研究課題
末梢血T細胞サブポピュレーションの解析:2020年10月から2022年6月の間に広島大学病院で肝細胞癌に対するAtezo+Bev治療を受け、凍結保存された治療前のPBMCが解析可能であった70名の患者を本研究に後方視的に登録した。70例中51例で治療3週間後のPBMCの解析も行った。対照群として18人の健康なボランティアから採取したPBMCも解析した。CCR7+CD45RA+(Tnaive)、CCR7-CD45RA+(Teff)、CCR7+CD45RA-(TCM)、CCR7-CD45RA-(TEM)、およびCD4+CD25+CD127-(Treg)と定義した。多変量解析の結果、ベースラインのCD8+セントラルメモリーT(TCM)細胞の割合が高いことが、無増悪生存期間(PFS)の延長と独立して関連していることが示された。さらに、CD8+エフェクターメモリーT(TEM)細胞の割合が高い患者では、全生存期間(OS)が有意に延長した。結論として、ベースライン時のTCM比率はAtez/Bev療法の有効性の良い指標になるかもしれない。さらに、TEM比率の増加は、治療による潜在的な臨床的利益の早期予測因子となると考えられた。組織学的免疫微小環境の解析:広島大学病院で肝細胞癌に対するAtezo+Bev治療を行い、治療前に肝腫瘍生検を施行した37例を対象として、GeoMxによる空間プロファイリングで同定されたB7H3, Ki67, CD127, Bcl-xLに加え、CTLのマーカーであるCD8の免疫染色を行った。CD127を発現している細胞の多くはCD8陽性細胞であった。腫瘍内のKi67が陽性の症例では初回効果判定、最良効果判定ともに奏効の割合が低かった。その他のマーカーについてはIHCによるバリデーションコホートでは、治療効果との有意な関連は認められなかった。
2: おおむね順調に進展している
末梢血リンパ球の解析については上記の通り成果が得られ、研究成果を学会(第45回日本肝臓学会西部会)、研究会(第8回Gastro-PLUS)、国際学術誌(Cancers (Basel) . 2024 Mar 28;16(7):1328. )に報告した。病理学的な検討についても当初の目的としたバリデーションコホートでの検証は終了した。

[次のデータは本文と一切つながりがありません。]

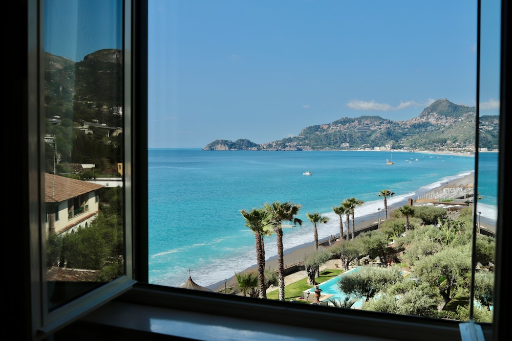 I have to thank all the staff. They were all friendly and accommodating. The seafront view was priceless. Slept with the balcony doors open every night and listened to the waves. Watched the sun come up in the morning a few times also. Taormina in the background and the town was enjoyable during the evening.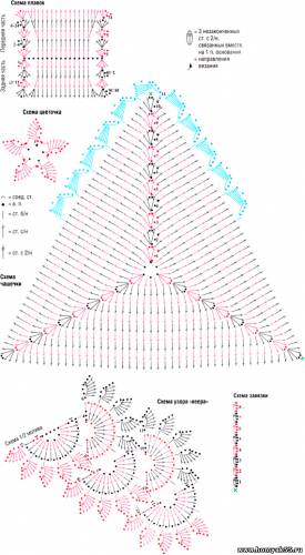 36-й ряд: 3 ВП подъёма, 1 ССН в арку из 1 ВП предыдущего ряда, 1 ВП, 2 ССН в эту же арку, 2 ССН в 3-й ССН предыдущего ряда от крючка, 90 ССН в следующие 90 ССН предыдущего ряда, 2 ССН в след. ССН пред. ряда от крючка, 2 ССН в след. арку из 1 ВП пред. ряда от крючка, 1 ВП, 2 ССН в эту же арку. Вязание закончить, обрезать нить.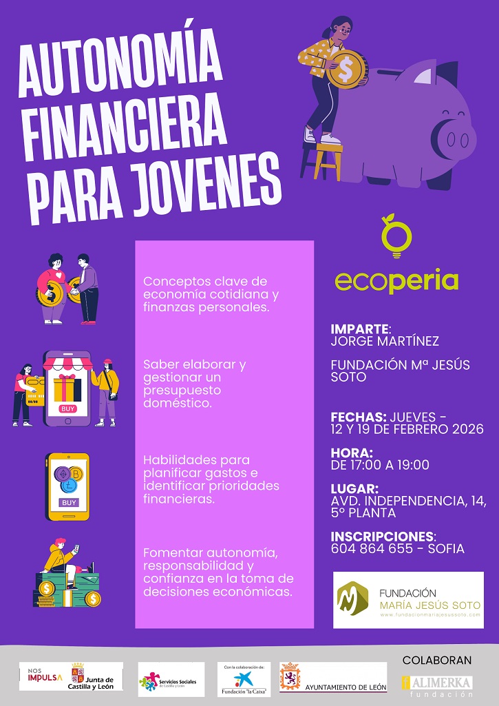 Taller gratuito sobre la Autonomía Financiera para Jóvenes el 12 y 19 de febrero.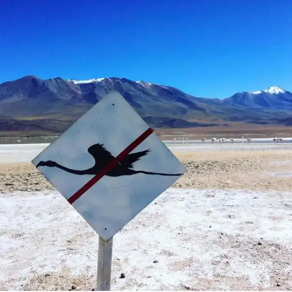 Этот знак поставили для того, чтобы люди не подходили к фламинго и не пугали их. Некоторые специально тревожат птиц, чтобы сделать красивые фотографии.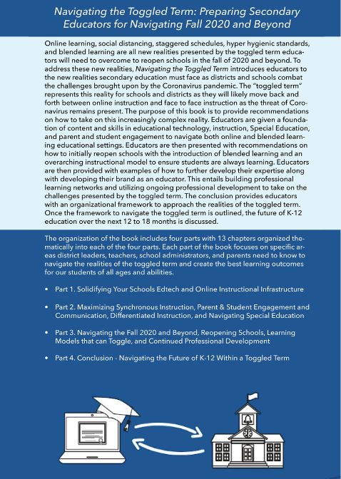 Online learning, social distancing, staggered schedules, hyper hygienic standards, and blended learning are all new realities presented by the toggled term educators will need to overcome to reopen schools in the fall of 2020 and beyond. To address these new realities, Navigating the Toggled Term introduces educators to the new realities secondary education must face as districts and schools combat the challenges brought upon by the Coronavirus pandemic. The “toggled term” represents this reality for schools and districts as they will likely move back and forth between online instruction and face to face instruction as the threat of Coronavirus remains present. The purpose of this book is to provide recommendations on how to take on this increasingly complex reality. Educators are given a foundation of content and skills in educational technology, instruction, Special Education, and parent and student engagement to navigate both online and blended learning educational settings. Educators are then presented with recommendations on how to initially reopen schools with the introduction of blended learning and an overarching instructional model to ensure students are always learning. Educators are then provided with examples of how to further develop their expertise along with developing their brand as an educator. This entails building professional learning networks and utilizing ongoing professional development to take on the challenges presented by the toggled term. The conclusion provides educators with an organizational framework to approach the realities of the toggled term. Once the framework to navigate the toggled term is outlined, the future of K-12 education over the next 12 to 18 months is discussed.

末梢血リンパ球の検討では興味深い結果が得られたが、血中蛋白等の方がより簡便に調べることができ、臨床現場での実装に近づけることができると考えた。今後は、末梢血リンパ球のプロファイルや、治療効果アウトカムとの相関のある末梢血中のマーカーを探索する予定である。また、病理学的なマーカーについては、今回Ki67以外の有望なマーカーは同定できなかったが、現在、多施設共同研究で免疫治療を行った肝細胞癌症例の空間発現プロファイリングも進めており、そこで同定された有望なマーカーについて、再度バリデーションコホートで検証することを予定している。

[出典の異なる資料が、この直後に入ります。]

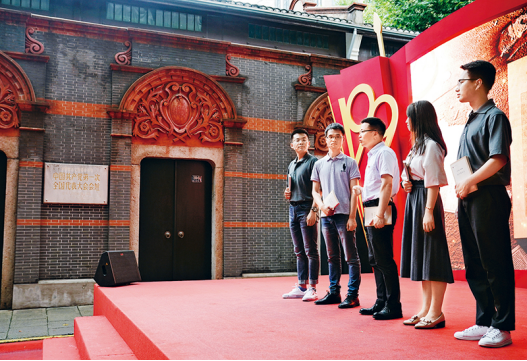 2020年6月29日,“新時代答卷人——上海市教育系統(tǒng)慶祝中國共產黨成立99周年暨學生愛國主義教育主題活動”在中共一大會址前舉行。來自復旦大學、同濟大學、上海建橋學院、上海市曹楊第二中學等8所學校的200余名師生代表參加活動,通過情景講述、現場教學、集體朗誦等形式,慶祝中國共產黨成立99周年,展現廣大上海學子的愛國情、強國志。圖為復旦大學師生代表在一大會址前展示情景教學。(新華社記者 劉穎/攝)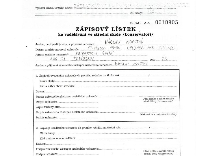 Zápisový lístek • • • Vydává a potvrzuje škola Žák má nárok na jeden lístek Pro obory s TZ: do konce listopadu 2020 Ostatní: 4. únor 2021, 4. březen 2021 Uchazeč ho s vyplněným názvem SŠ předloží do 10 pracovních dnů po zveřejnění rozhodnutí o přijetí • Jednou ho lze vzít zpět, a to v případě odvolávání se či uměleckého oboru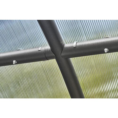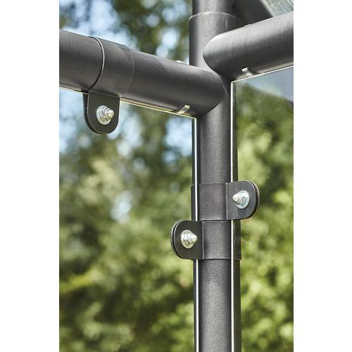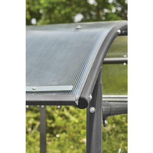 Abri avec pieds réglables en hauteur pour mise à niveau.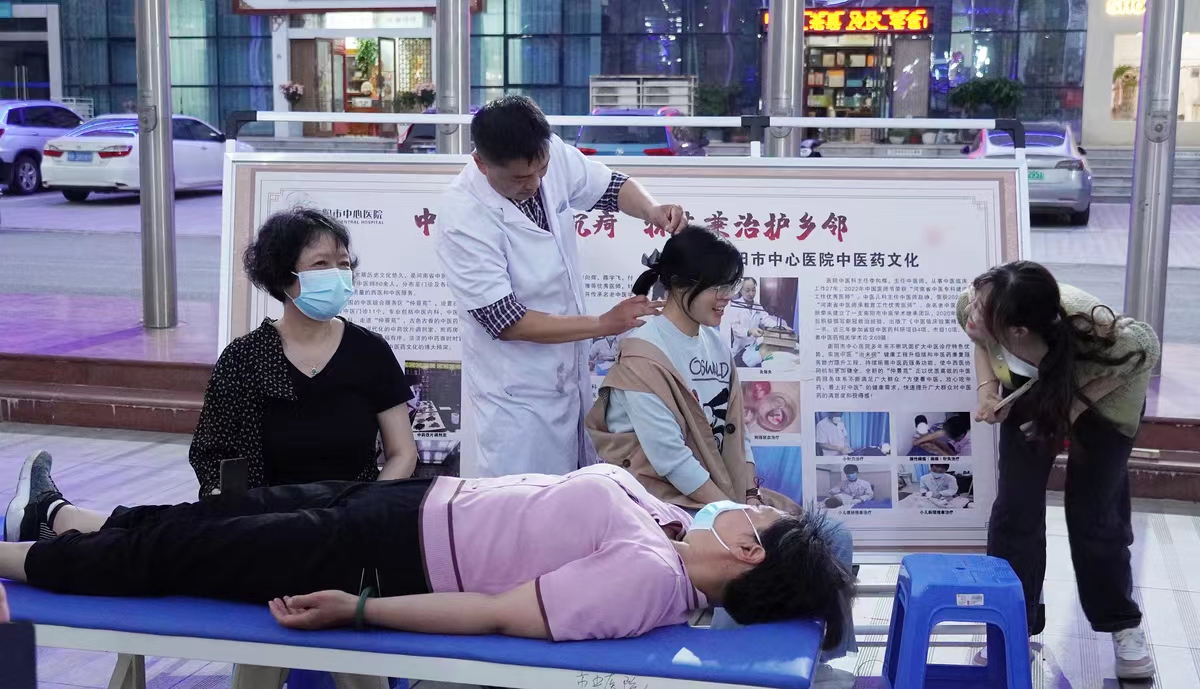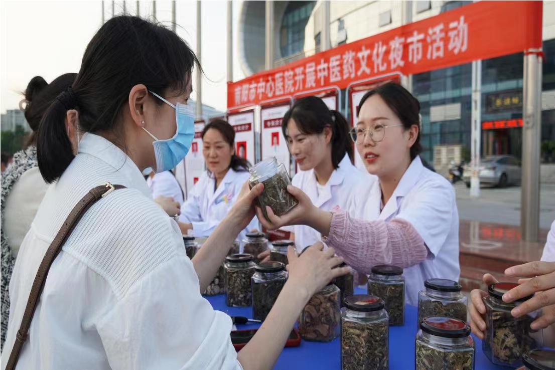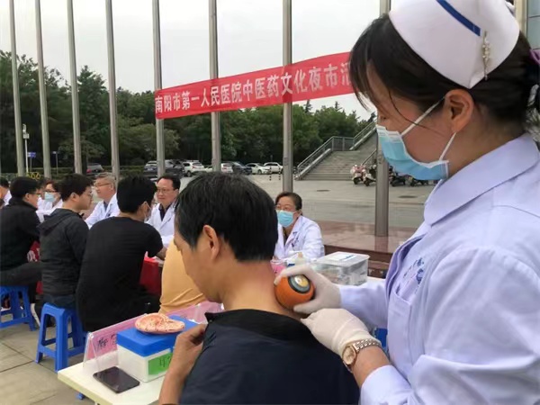 6月5日傍晚,在南阳市第一体育健身中心,人头攒动、熙熙攘攘,由南阳市第一人民医院承办中医药文化夜市活动在这里热闹开市,参加活动的群众一边体验着耳尖放血疗法、头部刮痧、耳穴贴压、肩颈按摩康复、火龙罐综合灸等10余种中医适宜技术,一边辨识中草药、翻阅中医健康保健宣传手册。医护人员免费为群众赠送中药香包,让大家切身感受中医药文化的独特魅力。

並行して行っている研究の目的で購入した試薬の残りが使用でき、学会旅費が他の予算から支払うことができ、今年度の使用予定の予算が節約できた。この予算を次年度の試薬(免疫染色試薬、FACS用抗体等)の購入や、成果発表のための学会参加費や旅費、論文校正のために使用することにより、次年度の研究の更なる発展が見込まれ、成果をより広く公表できると考える。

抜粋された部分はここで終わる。